Кухарка захохотала так, что раскашлялась и должна была поставить горшок, который скребла.
— Правильно, только это все равно срабатывает, — сказала она, отдышавшись.
Что именно заставляло ее визжать от удовольствия, забыв себя? С Ферейдуном я иногда задыхалась, но никогда не делала ничего, что заставило бы меня так вопить. Хотела бы я знать почему.
Рано утром Гостахам прислал слугу, чтобы я пришла в его мастерскую. Он выглядел бодрее, чем за все последние недели, даже мешки под глазами были не такими темными, как обычно. Я подумала — не оттого ли, чем Гордийе потчевала его прошлым вечером.
— Сядь тут, — сказал Гостахам, похлопав по подушке рядом с собой. — Я хотел, чтобы ты помогла мне с вышивкой.
Он раскатал полосу ковра шириной ладони в две. На нем был рисунок диких красных тюльпанов, грубый и неоконченный.

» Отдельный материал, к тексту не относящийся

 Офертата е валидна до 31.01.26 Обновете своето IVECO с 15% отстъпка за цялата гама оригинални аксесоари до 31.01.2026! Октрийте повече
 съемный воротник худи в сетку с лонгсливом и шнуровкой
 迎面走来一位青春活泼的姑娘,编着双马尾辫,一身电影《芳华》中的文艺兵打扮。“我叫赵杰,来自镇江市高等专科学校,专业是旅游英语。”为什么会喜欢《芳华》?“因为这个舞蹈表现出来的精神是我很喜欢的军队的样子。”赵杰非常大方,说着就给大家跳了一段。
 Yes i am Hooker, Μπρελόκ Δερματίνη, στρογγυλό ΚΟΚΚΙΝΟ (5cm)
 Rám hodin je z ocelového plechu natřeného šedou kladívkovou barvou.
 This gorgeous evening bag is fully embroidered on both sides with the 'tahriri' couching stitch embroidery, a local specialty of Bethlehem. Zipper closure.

Вчера вечером купил для Гордийе, — сказал он.
Должно быть, я выглядела изумленной, потому что она вряд ли обрадовалась такому обычному ковру, ведь ее муж был мастером ремесла.

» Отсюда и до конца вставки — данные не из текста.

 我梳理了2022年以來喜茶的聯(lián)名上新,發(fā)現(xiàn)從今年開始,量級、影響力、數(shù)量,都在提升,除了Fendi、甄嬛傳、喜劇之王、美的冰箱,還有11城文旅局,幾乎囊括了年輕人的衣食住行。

Гостахам засмеялся над моим удивлением.
— А вот настоящий подарок, — сказал он, вытягивая что-то из мешка.
Тяжелая золотая цепь с рубинами в квадратных оправах, каждый окружен висящими жемчужинами. У меня перехватило дыхание.
— Я хочу, чтобы ты вшила это в поверхность ковра и как можно тщательнее скрыла рубины в тюльпанах.
Гордийе раскатает ковер, ни о чем не подозревая, и потрудится, разыскивая спрятанные драгоценности.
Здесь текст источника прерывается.